TASK TO CARRY OUT — Quote the whole listing word for word. Do not include the pictures.

INPUT MATERIAL —
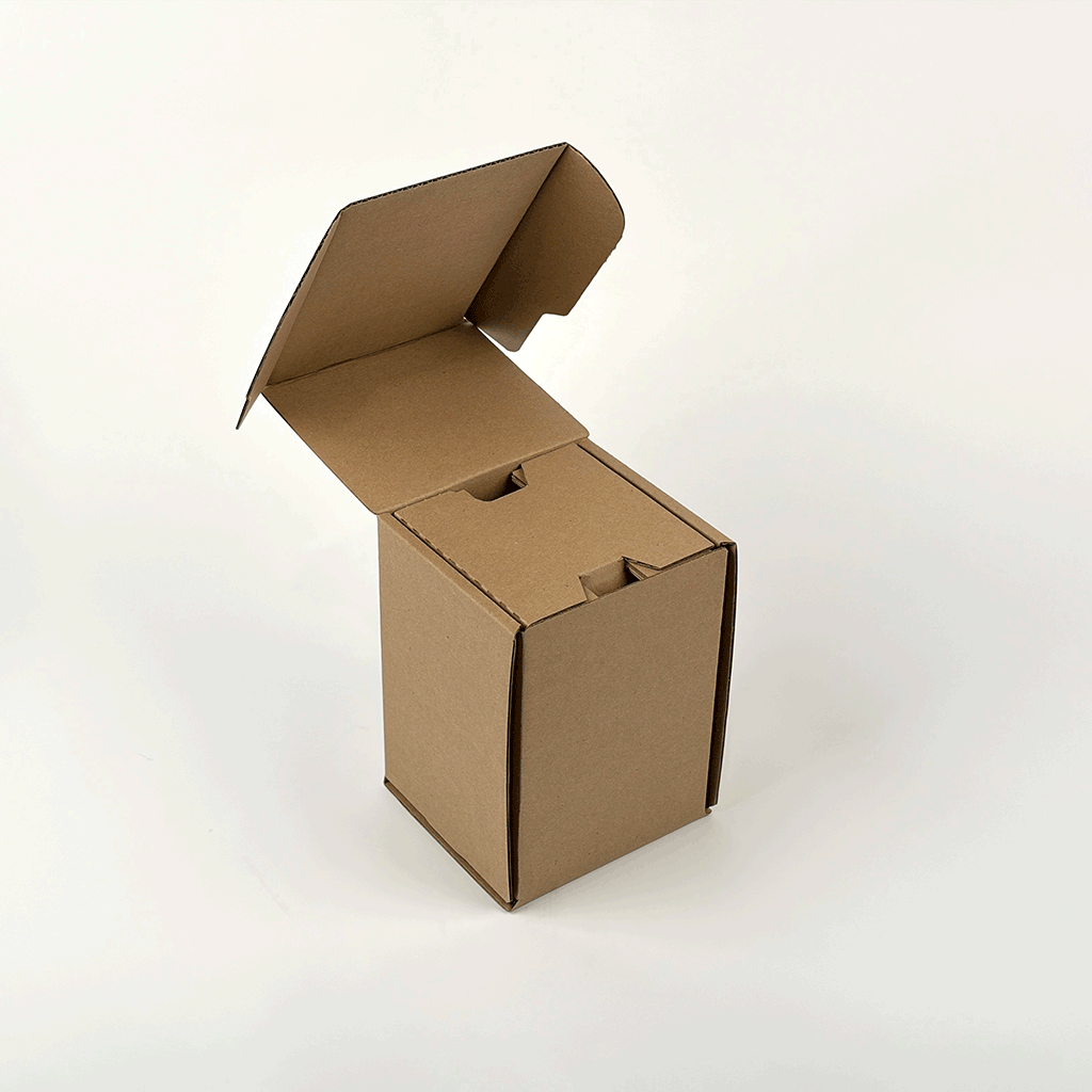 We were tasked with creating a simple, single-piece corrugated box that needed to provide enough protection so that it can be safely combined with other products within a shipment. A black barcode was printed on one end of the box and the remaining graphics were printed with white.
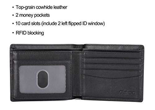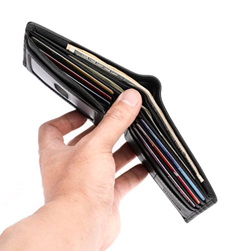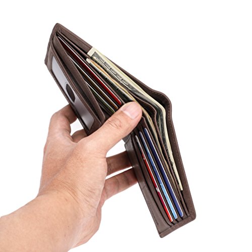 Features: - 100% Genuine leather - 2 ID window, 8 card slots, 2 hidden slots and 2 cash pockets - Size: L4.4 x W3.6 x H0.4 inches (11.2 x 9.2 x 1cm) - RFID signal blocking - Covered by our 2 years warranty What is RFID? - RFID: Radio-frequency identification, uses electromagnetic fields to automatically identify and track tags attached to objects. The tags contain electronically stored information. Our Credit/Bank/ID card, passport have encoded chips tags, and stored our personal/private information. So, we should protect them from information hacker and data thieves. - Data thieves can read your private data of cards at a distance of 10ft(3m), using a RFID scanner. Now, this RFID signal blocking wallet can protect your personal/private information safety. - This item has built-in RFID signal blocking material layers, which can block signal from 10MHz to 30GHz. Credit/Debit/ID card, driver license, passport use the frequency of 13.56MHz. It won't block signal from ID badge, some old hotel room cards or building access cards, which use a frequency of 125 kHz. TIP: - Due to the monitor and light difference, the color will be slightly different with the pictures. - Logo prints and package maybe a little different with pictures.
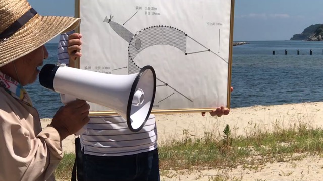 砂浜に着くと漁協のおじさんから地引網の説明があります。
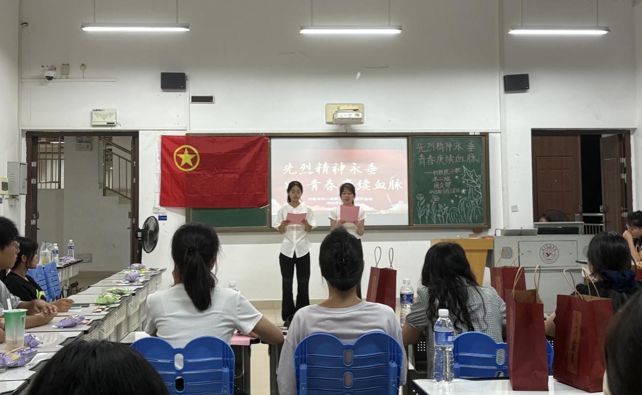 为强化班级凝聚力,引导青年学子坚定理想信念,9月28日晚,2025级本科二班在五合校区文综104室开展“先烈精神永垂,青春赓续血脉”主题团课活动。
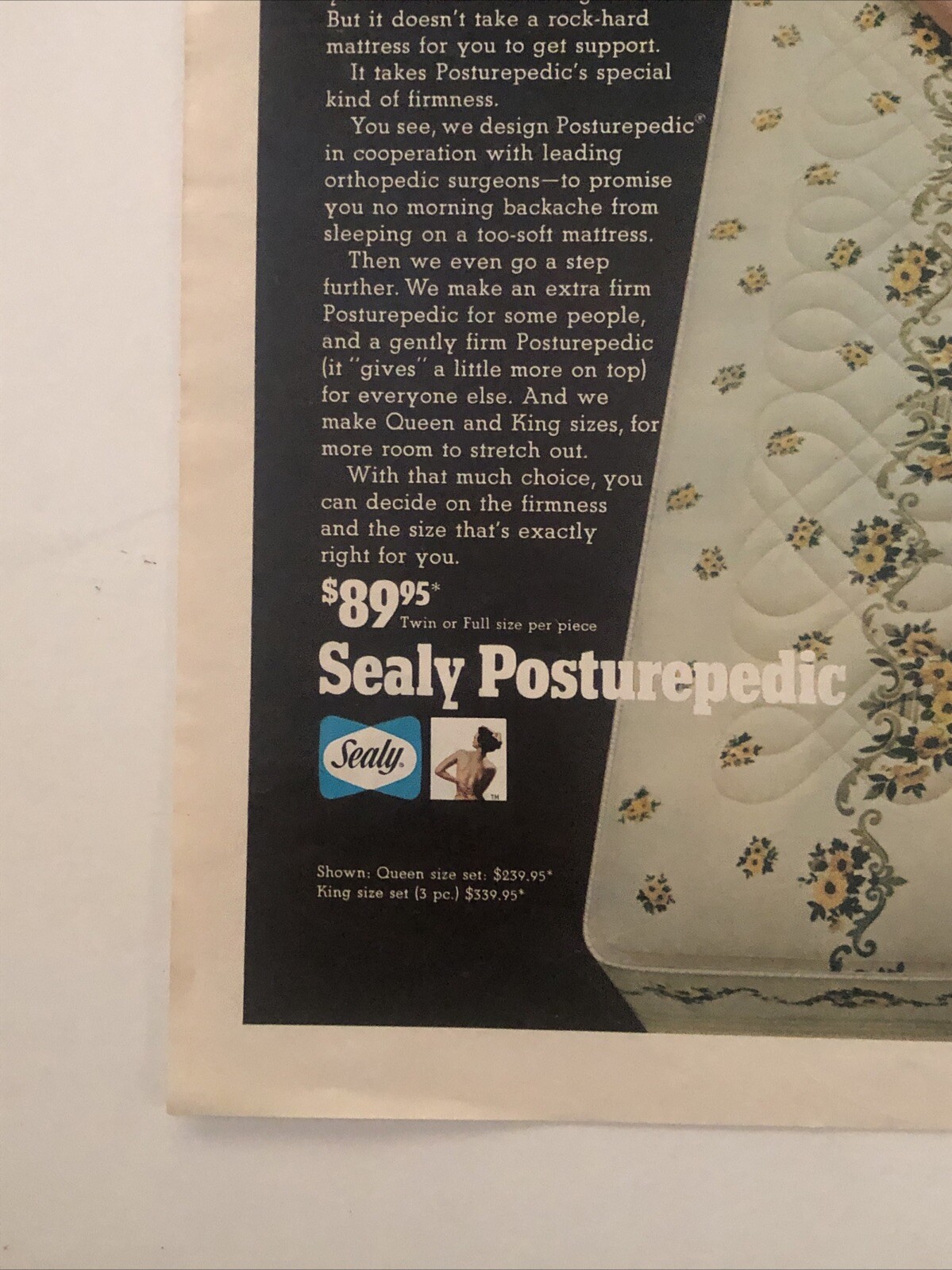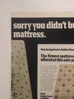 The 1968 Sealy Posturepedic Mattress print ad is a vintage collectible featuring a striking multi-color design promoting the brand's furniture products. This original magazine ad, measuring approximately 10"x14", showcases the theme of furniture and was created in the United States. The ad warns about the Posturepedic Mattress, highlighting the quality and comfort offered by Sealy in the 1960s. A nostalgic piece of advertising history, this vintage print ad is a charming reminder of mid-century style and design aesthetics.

COMPLETED EXERCISE —
 We were tasked with creating a simple, single-piece corrugated box that needed to provide enough protection so that it can be safely combined with other products within a shipment. A black barcode was printed on one end of the box and the remaining graphics were printed with white.
 Features: - 100% Genuine leather - 2 ID window, 8 card slots, 2 hidden slots and 2 cash pockets - Size: L4.4 x W3.6 x H0.4 inches (11.2 x 9.2 x 1cm) - RFID signal blocking - Covered by our 2 years warranty What is RFID? - RFID: Radio-frequency identification, uses electromagnetic fields to automatically identify and track tags attached to objects. The tags contain electronically stored information. Our Credit/Bank/ID card, passport have encoded chips tags, and stored our personal/private information. So, we should protect them from information hacker and data thieves. - Data thieves can read your private data of cards at a distance of 10ft(3m), using a RFID scanner. Now, this RFID signal blocking wallet can protect your personal/private information safety. - This item has built-in RFID signal blocking material layers, which can block signal from 10MHz to 30GHz. Credit/Debit/ID card, driver license, passport use the frequency of 13.56MHz. It won't block signal from ID badge, some old hotel room cards or building access cards, which use a frequency of 125 kHz. TIP: - Due to the monitor and light difference, the color will be slightly different with the pictures. - Logo prints and package maybe a little different with pictures.
 砂浜に着くと漁協のおじさんから地引網の説明があります。
 为强化班级凝聚力,引导青年学子坚定理想信念,9月28日晚,2025级本科二班在五合校区文综104室开展“先烈精神永垂,青春赓续血脉”主题团课活动。
 The 1968 Sealy Posturepedic Mattress print ad is a vintage collectible featuring a striking multi-color design promoting the brand's furniture products. This original magazine ad, measuring approximately 10"x14", showcases the theme of furniture and was created in the United States. The ad warns about the Posturepedic Mattress, highlighting the quality and comfort offered by Sealy in the 1960s. A nostalgic piece of advertising history, this vintage print ad is a charming reminder of mid-century style and design aesthetics.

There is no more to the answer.